Every mailbox starts at gated_send, then you adjust the mode

Every MultiMail mailbox has an oversight_mode field — one of read_only, gated_all, gated_send, monitored, or autonomous. New mailboxes always start at gated_send; from there you downgrade to a stricter mode immediately (PATCH /v1/mailboxes/{id}) or request a higher-autonomy upgrade through the operator-approved upgrade flow. The mode is stored server-side and applies to all agent actions on that mailbox regardless of how the agent was instructed.

2

Agent actions are gated or logged according to the mode

When the agent calls the send or reply endpoint (POST /v1/mailboxes/{mailbox_id}/send or POST /v1/mailboxes/{mailbox_id}/reply/{email_id}), MultiMail checks the mailbox mode before acting.

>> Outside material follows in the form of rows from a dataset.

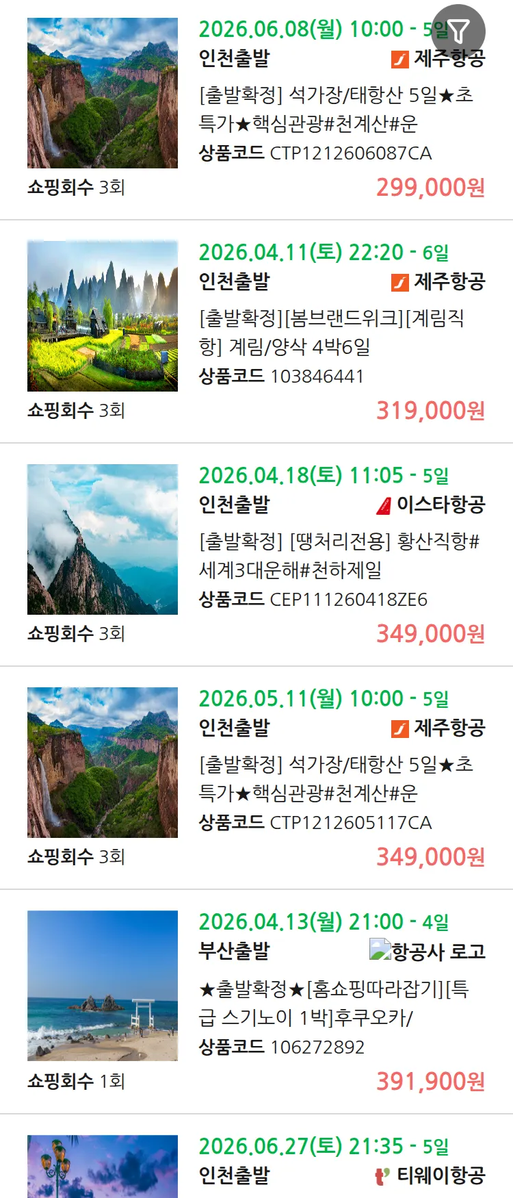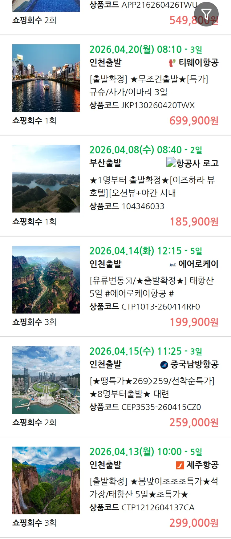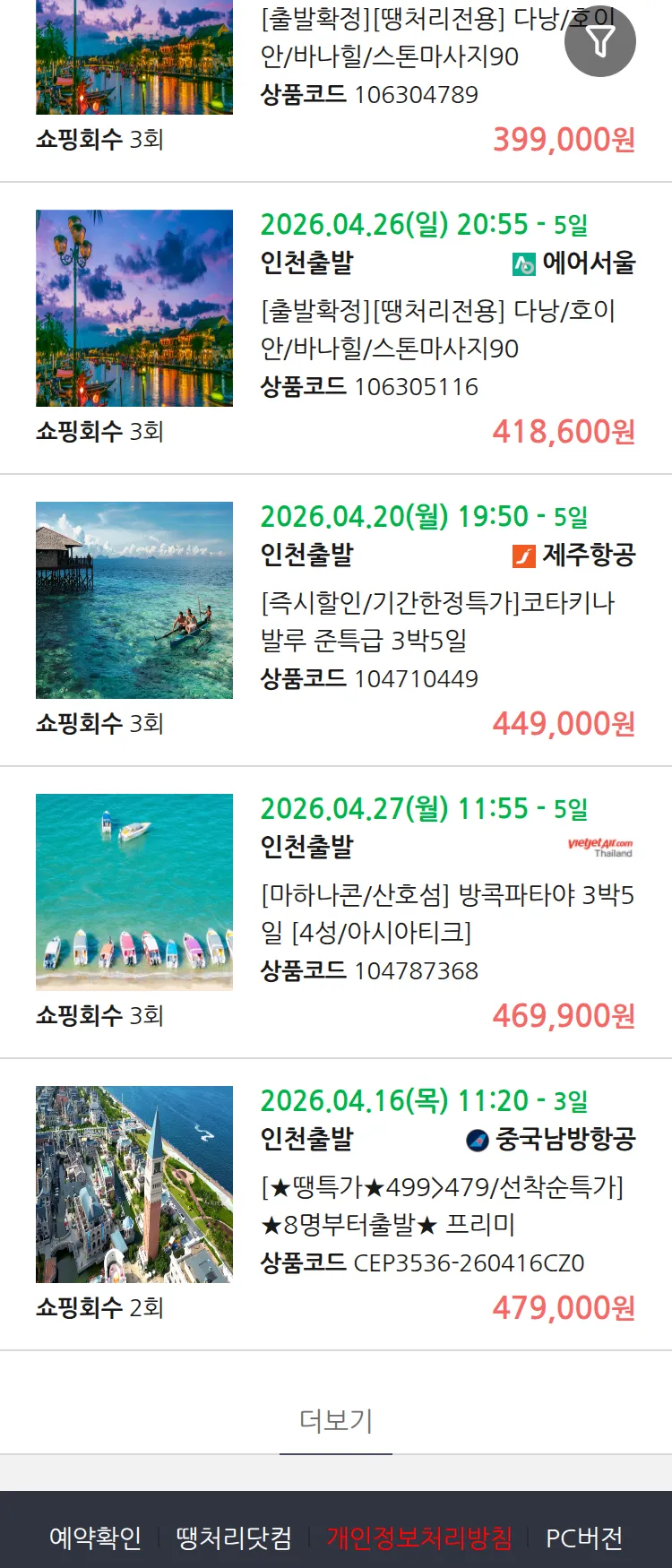 (4월6일(월)) 땡처리 99.9% 확정 패키지
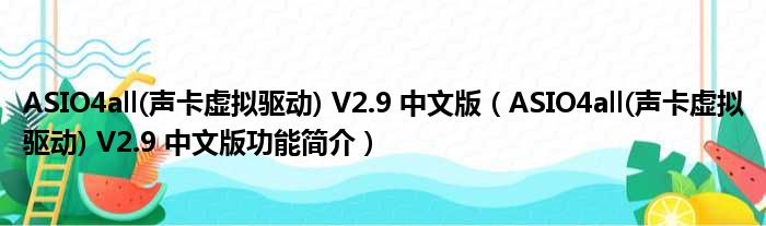ASIO4all(声卡虚拟驱动) V2.9 中文版(ASIO4all(声卡虚拟驱动) V2.9 中文版功能简介)
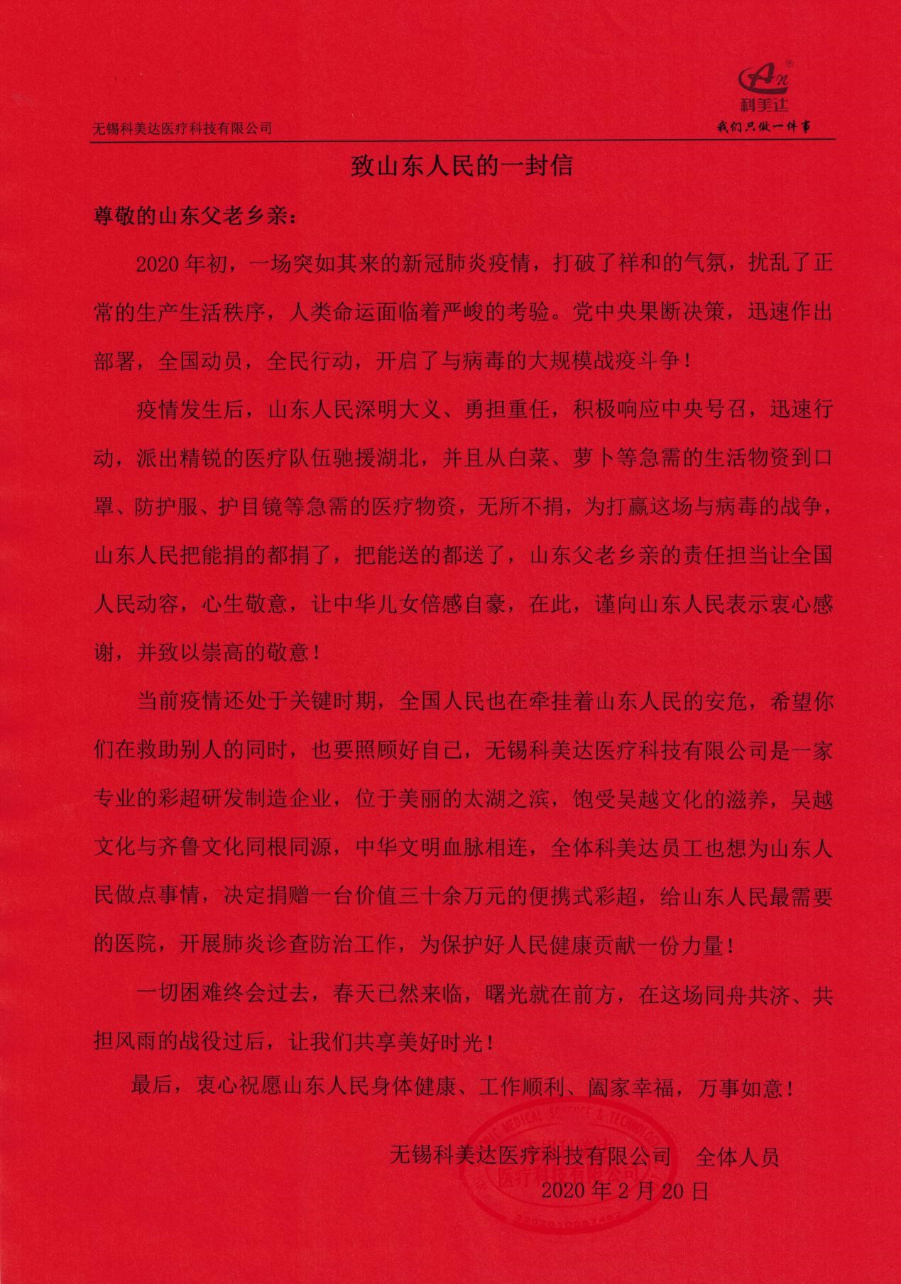 庚子年初,新冠肺炎疫情洶涌而來,隨著鐘南山院士馳援武漢指出新冠肺炎存在“人傳人”的現(xiàn)象,一場史無前例的疫情攻堅(jiān)戰(zhàn)在全國打響。武漢告急,全國馳援,從生活物資到醫(yī)療用品源源不斷往最需要的地方,山東人民搬家式的支援抗疫模式更是感動(dòng)了全國人民,彩超作為新冠肺炎病情診斷的重要手段,得到臨床專家的重視,為緩解疫情防控期間醫(yī)療物資緊缺狀況,有效防范醫(yī)護(hù)人員感染和疫情擴(kuò)散風(fēng)險(xiǎn),科美達(dá)公司主動(dòng)聯(lián)系山東省慈善機(jī)構(gòu),向濟(jì)南市鋼城區(qū)慈善總會(huì)定向捐贈(zèng)了價(jià)值38萬元的便攜式彩超設(shè)備,用于濟(jì)南市鋼城區(qū)醫(yī)院抗擊肺炎疫情和人民健康檢查,確保戰(zhàn)略后方穩(wěn)固。

In gated_send mode, reads execute immediately but sends are held in a pending queue. In monitored mode, sends execute and a notification is dispatched to the operator. The agent receives a status indicating whether the action was executed, queued, or blocked.

3

Human reviewers process the approval queue

For gated modes, GET /v1/oversight/pending returns all actions awaiting approval. Reviewers call POST /v1/oversight/decide with action approve or reject. Approved messages are sent immediately; rejected messages are discarded and the decision is logged. Webhooks fire on both outcomes so downstream systems stay in sync.

4

Monitor behavior and adjust the policy

The audit log captures every agent action, approval decision, and mode change. When a support agent has processed 500 inbound tickets without a false positive, you have evidence to justify upgrading from gated_send to monitored. Upgrades go through the operator-approved upgrade flow (request a code, then redeem it); downgrades to a stricter mode are an immediate PATCH. The new policy applies on the next action.

5

Expand autonomy incrementally as trust is earned

The mode ladder is designed to be climbed: read_only → gated_all → gated_send → monitored → autonomous. Each rung represents a documented, reversible trust decision. If behavior degrades — higher complaint rates, off-topic sends, approval queue anomalies — downgrade the mode via API. The change is instant and requires no redeployment.


Try it with your agent

Pick your platform, copy the prompt, and paste it to your AI agent — it sets up MultiMail and builds the whole flow. Nothing to fill in.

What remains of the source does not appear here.